■ Directions for this task
Nothing but the lines from the start of the entries through the line holding "De poster bestaat" is to be repeated, exactly and with pictures excluded.

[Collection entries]

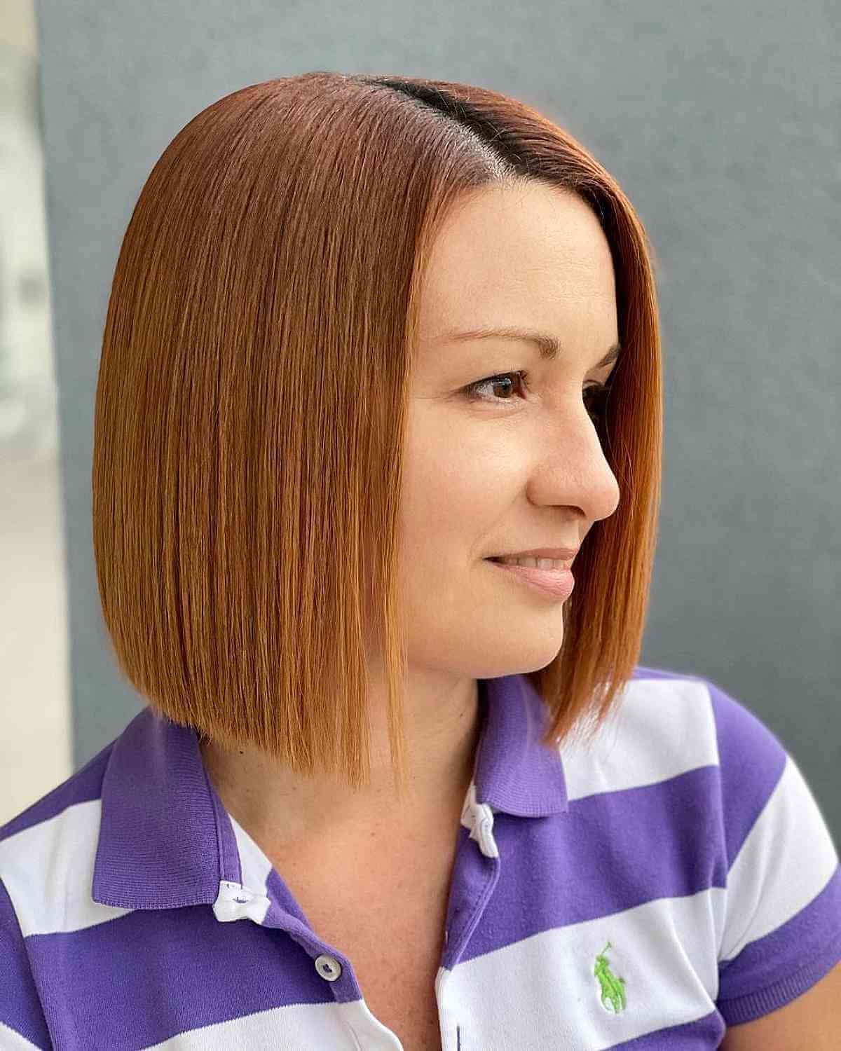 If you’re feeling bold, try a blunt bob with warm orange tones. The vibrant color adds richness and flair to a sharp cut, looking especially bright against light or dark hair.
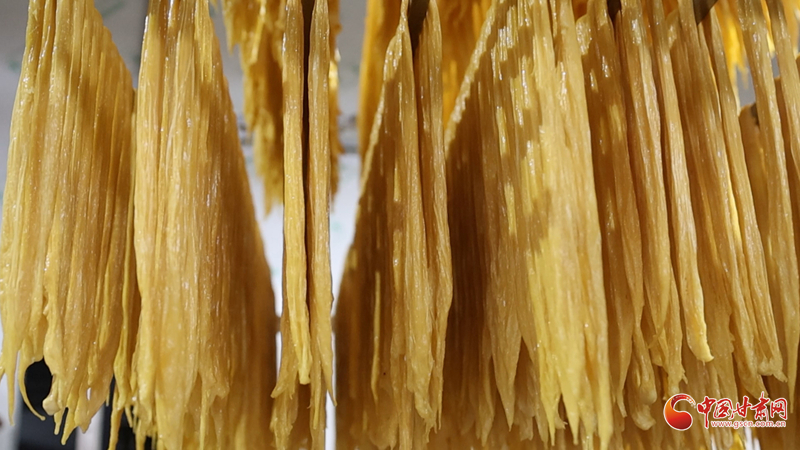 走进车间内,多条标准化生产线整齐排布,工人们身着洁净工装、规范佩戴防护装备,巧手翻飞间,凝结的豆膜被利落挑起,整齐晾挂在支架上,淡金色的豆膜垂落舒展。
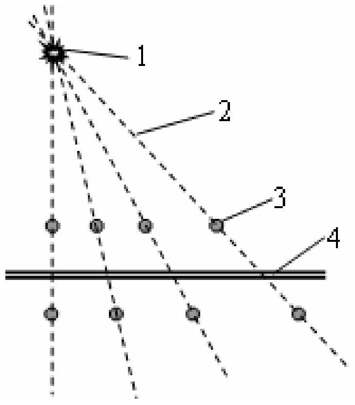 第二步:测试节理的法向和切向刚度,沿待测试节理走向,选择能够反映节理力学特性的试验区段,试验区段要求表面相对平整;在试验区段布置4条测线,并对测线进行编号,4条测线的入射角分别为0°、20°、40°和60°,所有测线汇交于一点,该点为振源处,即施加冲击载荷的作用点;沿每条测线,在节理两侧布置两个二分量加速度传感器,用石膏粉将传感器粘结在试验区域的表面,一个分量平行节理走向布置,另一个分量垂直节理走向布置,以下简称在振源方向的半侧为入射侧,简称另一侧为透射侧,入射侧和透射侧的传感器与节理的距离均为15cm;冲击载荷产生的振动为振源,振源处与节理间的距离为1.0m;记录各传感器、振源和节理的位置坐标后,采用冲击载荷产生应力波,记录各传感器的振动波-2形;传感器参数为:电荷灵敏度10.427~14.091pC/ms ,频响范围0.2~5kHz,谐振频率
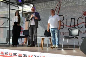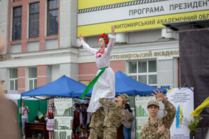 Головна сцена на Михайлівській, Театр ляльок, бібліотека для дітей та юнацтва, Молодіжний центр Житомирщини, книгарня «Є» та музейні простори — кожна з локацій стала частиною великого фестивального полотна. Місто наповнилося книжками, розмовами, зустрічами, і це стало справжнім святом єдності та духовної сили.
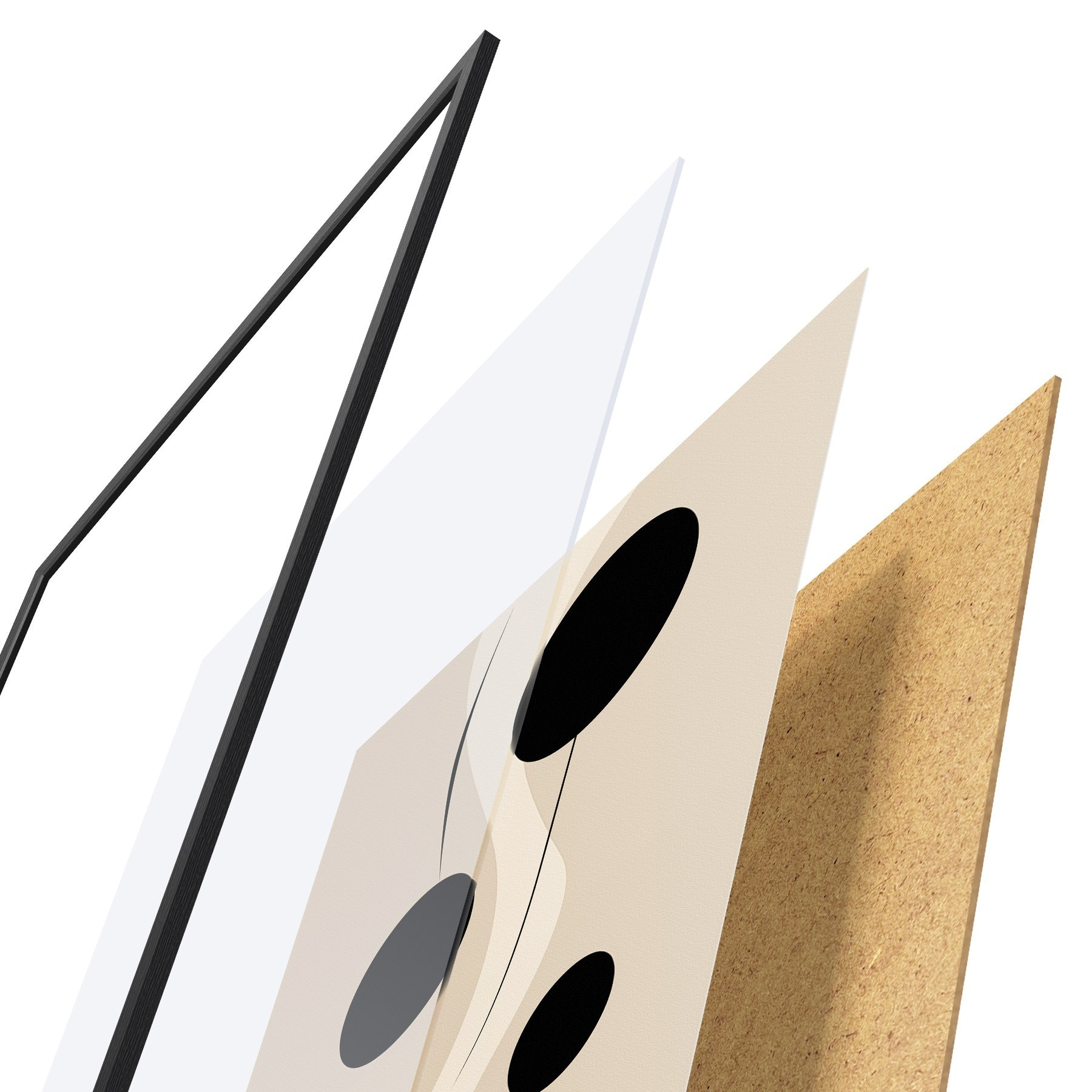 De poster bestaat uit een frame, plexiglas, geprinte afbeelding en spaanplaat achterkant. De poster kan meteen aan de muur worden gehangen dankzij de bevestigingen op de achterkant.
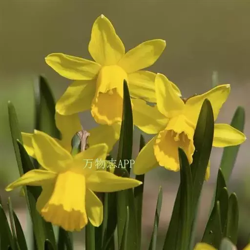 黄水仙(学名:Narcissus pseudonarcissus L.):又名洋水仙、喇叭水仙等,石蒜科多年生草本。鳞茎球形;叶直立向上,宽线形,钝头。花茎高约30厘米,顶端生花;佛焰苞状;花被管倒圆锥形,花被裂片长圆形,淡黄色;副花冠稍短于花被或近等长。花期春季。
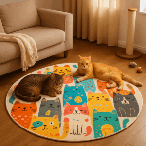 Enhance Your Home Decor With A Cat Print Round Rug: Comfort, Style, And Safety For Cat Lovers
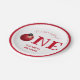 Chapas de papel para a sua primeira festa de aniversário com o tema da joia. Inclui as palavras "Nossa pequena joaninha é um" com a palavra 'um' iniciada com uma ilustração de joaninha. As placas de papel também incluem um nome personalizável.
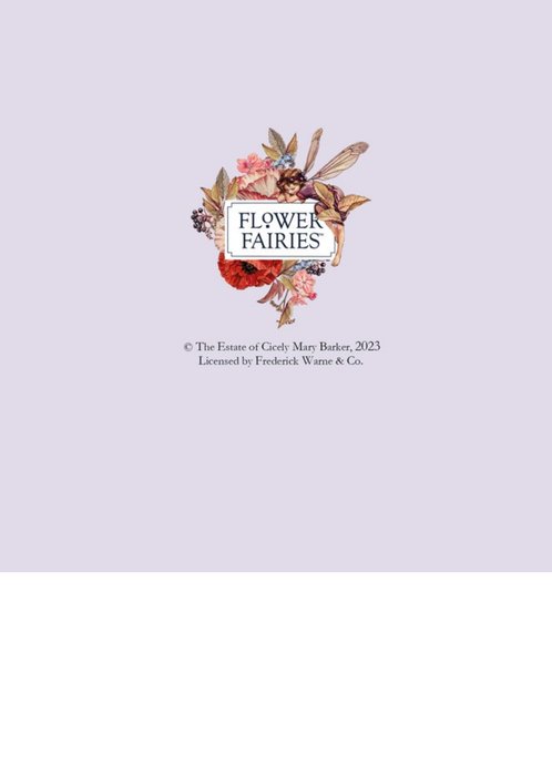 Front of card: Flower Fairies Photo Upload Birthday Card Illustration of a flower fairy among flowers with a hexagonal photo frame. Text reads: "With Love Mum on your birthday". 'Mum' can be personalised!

■ Task solution
 If you’re feeling bold, try a blunt bob with warm orange tones. The vibrant color adds richness and flair to a sharp cut, looking especially bright against light or dark hair.
 走进车间内,多条标准化生产线整齐排布,工人们身着洁净工装、规范佩戴防护装备,巧手翻飞间,凝结的豆膜被利落挑起,整齐晾挂在支架上,淡金色的豆膜垂落舒展。
 第二步:测试节理的法向和切向刚度,沿待测试节理走向,选择能够反映节理力学特性的试验区段,试验区段要求表面相对平整;在试验区段布置4条测线,并对测线进行编号,4条测线的入射角分别为0°、20°、40°和60°,所有测线汇交于一点,该点为振源处,即施加冲击载荷的作用点;沿每条测线,在节理两侧布置两个二分量加速度传感器,用石膏粉将传感器粘结在试验区域的表面,一个分量平行节理走向布置,另一个分量垂直节理走向布置,以下简称在振源方向的半侧为入射侧,简称另一侧为透射侧,入射侧和透射侧的传感器与节理的距离均为15cm;冲击载荷产生的振动为振源,振源处与节理间的距离为1.0m;记录各传感器、振源和节理的位置坐标后,采用冲击载荷产生应力波,记录各传感器的振动波-2形;传感器参数为:电荷灵敏度10.427~14.091pC/ms ,频响范围0.2~5kHz,谐振频率
 Головна сцена на Михайлівській, Театр ляльок, бібліотека для дітей та юнацтва, Молодіжний центр Житомирщини, книгарня «Є» та музейні простори — кожна з локацій стала частиною великого фестивального полотна. Місто наповнилося книжками, розмовами, зустрічами, і це стало справжнім святом єдності та духовної сили.
 De poster bestaat uit een frame, plexiglas, geprinte afbeelding en spaanplaat achterkant. De poster kan meteen aan de muur worden gehangen dankzij de bevestigingen op de achterkant.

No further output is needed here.